34. Indeed, I do not know that the defendants will have effected any other result by the objection which they have taken, than to put themselves and the other parties to the suit to a good deal of unnecessary expense.
35. Under these circumstances, although, as I said before, I defer to the opinion of my two learned brothers upon this, which seems to me a mere question of procedure, I do not think it right to give the respondents any costs, for two reasons-
(1) In the first place, I consider their objection to have been a technical one, advanced for no bond fide object, but merely for the purpose of putting the plaintiffs to expense and trouble, by obliging them to bring their suit in a different form; and
(2) (Which is to my mind the more cogent reason), because hitherto there has been no authority in this country, deciding that a suit in this form cannot be brought; whereas, on the other hand, there is a direct authority that such a suit can be brought, inasmuch as the case of Greender Chnnder Ghose v.
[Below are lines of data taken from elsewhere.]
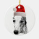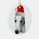 Adorable Whippet dog wearing a red Santa Hat Christmas ornament. These Whippet dog ornaments make wonderful gifts for Whippet owners or dog lovers.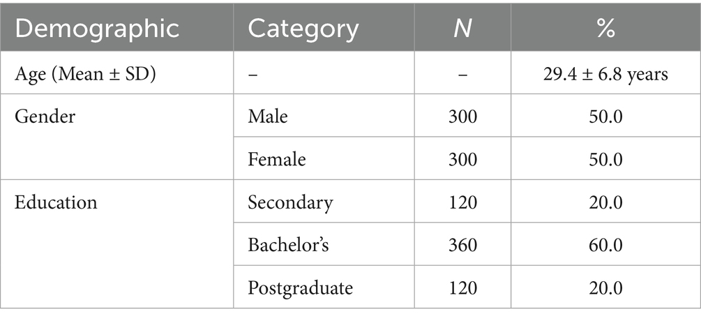 Table 1 presents the frequencies and percentages for gender and educational attainment, alongside the mean age and standard deviation for the overall sample. Examination of these metrics reveals a balanced gender composition, with male and female participants each constituting approximately half of the cohort. The mean age of 29.4 years (SD = 6.8) indicates a predominantly young adult sample, consistent across both national contexts. Moreover, education levels—ranging from secondary to postgraduate degrees—are distributed evenly, thereby mitigating concerns about confounding effects related to participants’ educational background.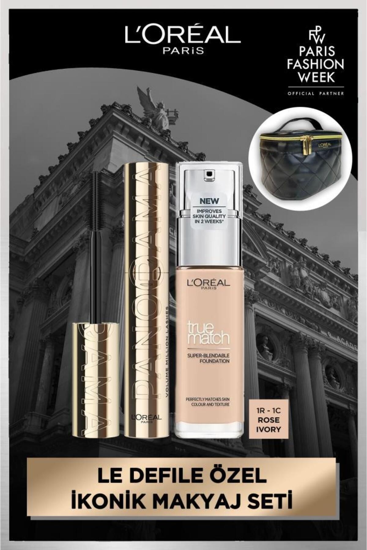 L'Oreal Paris Panorama Mascara & True Match Foundation 1R-1C Rose Ivory Bag Gift Set
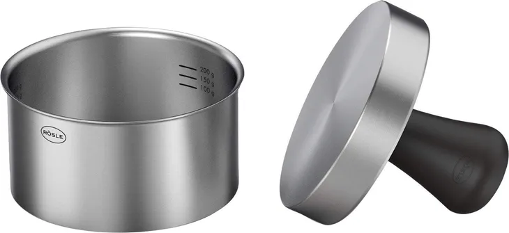 Jedna z najbardziej popularnych potraw w ogóle: pyszne hamburgery. Niezależnie od tego, czy smażone czy z grilla – ważne jest precyzyjne kształtowanie. Aby ułatwić formowanie burgerów, firma RÖSLE zaprojektowała tę praktyczną formę do pieczenia burgerów ze stali nierdzewnej.

Mackintosh I.L.R. 4 Cal. 897 is a precedent for such a suit in this very Court. And it must not be forgotten that the Judge in the administration suit, who, as I consider, ought to have the selection of the plaintiffs in a suit of this kind, had sanctioned the suit in this form.
36. For these reasons, I think that, whatever view the learned Judge may have taken as to the form of the suit, no costs ought to have been allowed to the defendants in the Court below, and I certainly do not feel justified in allowing them any costs in this Court.
37. The appeal will, therefore, be dismissed without costs.